My attempted solution has been to map all the sub-arrays into strings based on de-duping the sub-array, sorting it, and joining it with a delimiter. Then I de-dupe that final array, then map them back to arrays with a split. It works, but the process is extremely slow. It takes over 30 seconds for a single pass, and since the array I end up processing can grow exponentially larger, this is not acceptable. I need a more efficient algorithm.
Here's the code I'm using now that's slow (ret is the input array):
const stringList = ret.map(list => {
return [...new Set(list)].sort().join('|');
});
const hashSet = new Set(stringList);
const output = [...hashSet].map(str => str.split('|'));
Can anyone help me get the same result more efficiently? Thanks.
EDIT
To elaborate, I'm getting these massive input arrays by calculating what is essentially the power set of some input of strings. This is the code; if it's possible to stop it from producing duplicate entries in the first place, that would work well, too, I think:
// Calculate the Cartesian product of set s
function cart(s) {
return s.reduce((acc, val) => {
return acc.map((x, i) => {
return val.map(y => {
return x.concat([y]);
});
}).flat();
}, [[]]);
}
// Use the Cartesian product to calculate the power set of set s
function pset(s) {
let ret = [];
for (let i = 0; i < s.length; ++i) {
const temp = [];
for (let j = 0; j <= i; ++j) {
temp.push([].concat(s));
}
ret = ret.concat(cart(temp));
}
return ret;
}

You could generate the power set without duplicates.
function pset(array) {
function iter(index, temp) {
if (index >= array.length) {
temp.length && result.push(temp);
return;
}
iter(index + 1, temp.concat(array[index]));
iter(index + 1, temp);
}
var result = [];
iter(0, []);
return result;
}
console.log(pset(['a', 'b', 'c']));
.as-console-wrapper { max-height: 100% !important; top: 0; }

Given that I'm not able to perform a benchmark with real data, I can't verify how much faster this approach is for your use case, but by using basic for loops and avoiding functional code as much as conveniently possible, I've come up with the following:
const ret = [[1, 2, 3], [1, 2, 3], [3, 1, 2], [1, 4, 5], [4, 1, 5]];
function ascending (a, b) {
// works for strings and numbers
return -(a < b) || +(a > b);
}
function ascending2d (a, b) {
const aLength = a.length;
const bLength = b.length;
const length = Math.min(aLength, bLength);
for (let i = 0; i < length; ++i) {
const difference = ascending(a[i], b[i]);
if (difference !== 0) return difference;
}
return aLength - bLength;
}
for (let i = 0; i < ret.length; ++i) {
ret[i].sort(ascending);
}
ret.sort(ascending2d);
const output = [ret[0]];
for (let i = 1; i < ret.length; ++i) {
const value = ret[i];
if (ascending2d(ret[i - 1], value) !== 0) output.push(value);
}
console.log(output);
Let me know if this is an improvement over your current approach. You can always improve performance further by profiling your code and looking for bottlenecks that can be re-written.
Performance Benchmark
I've published a benchmark using the test data in my example here, comparing your original solution, my solution, and Andrew's solution. I couldn't include Nina's for comparison because hers doesn't perform deduplication on ret, instead it modifies the generation of ret.

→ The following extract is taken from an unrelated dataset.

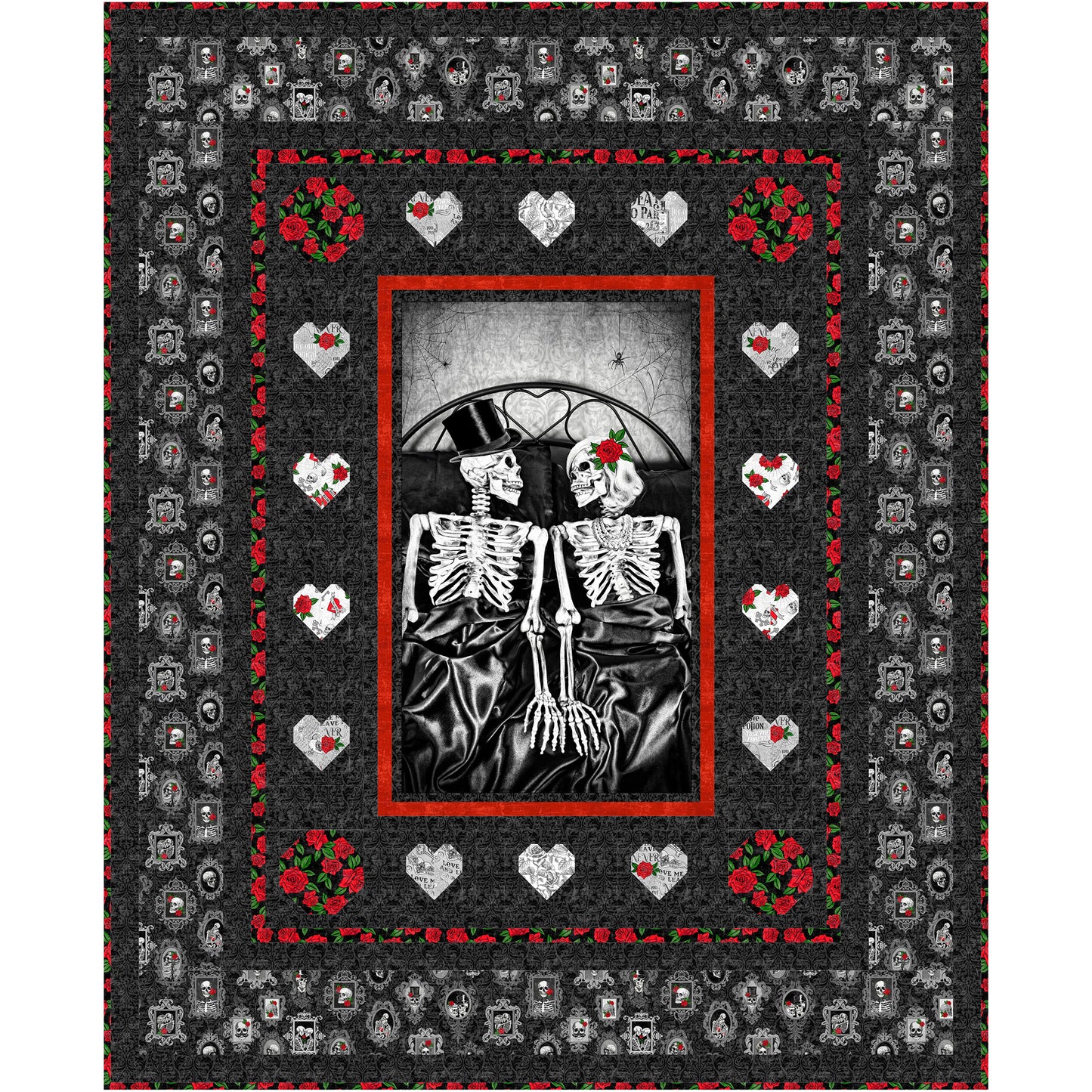 Celebrate a love that transcends time with the Love Eternal quilt pattern, designed for Northcott’s 'Till Death Us Do Part Collection. This unique and striking design features a captivating panel at its center, symbolizing an everlasting bond, beautifully surrounded by sweet hearts that bring a soft, romantic contrast to the bold imagery.

EDIT: Nevermind, my implementation had no benchmarks. It is slower. Due to the underlying implementation of JSON.parse, JSON.stringify, and the default algorithm for Array#sort.
Since you're looking for bleeding edge performance, it's hard to get an elegant solution. If you instantiate an object with Object.create(null) you minimize the overhead for O(1) insertion. It creates a POJO with no prototype. You also don't need to check in the for in loop for Object.hasOwnProperty, because there's no prototype to search.
const ret = [[], [1, 2, 3], [3, 1, 2], [1, 4, 5], [4, 1, 5]];
const hashMap = Object.create(null)
function createUniqArraysOfPrimitiveArrays(ret) {
for (let i = 0; i < ret.length; i++) {
const currEl = ret[i]
if (currEl.length === 0) {
hashMap['[]'] = null
} else if (currEl.length === 1) {
hashMap[`[${currEl[0]}]`] = null
} else {
hashMap[JSON.stringify(currEl.sort())] = null
}
}
const outputArray = []
for (const array in hashMap) {
outputArray.push(JSON.parse(array))
}
return outputArray
}
console.log(createUniqArraysOfPrimitiveArrays(ret))

Related

javascript function to find the second largest element in an array

I am completing the hackerrank's 10 days of javascript challenge. The question:
write a function to take an array as an argument and then return the second largest element in the array.
I have written the code but my code is returning the largest element and not the second largest as asked.
function getSecondLargest(nums) {
// Complete the function
var largest=nums[0];
for(let i=1;i<nums.length;++i)
{
if(nums[i]>largest)
largest=nums[i];
}
var large=nums[0];
for(let j=1;j<nums.length;++j)
{
if(large<nums[j]&&large<largest)
large=nums[j];
}
return large;
}
When input array nums={2,3,6,6,5} the result is coming 6 while expected output is 5. Please help and point out the errors in the function code below.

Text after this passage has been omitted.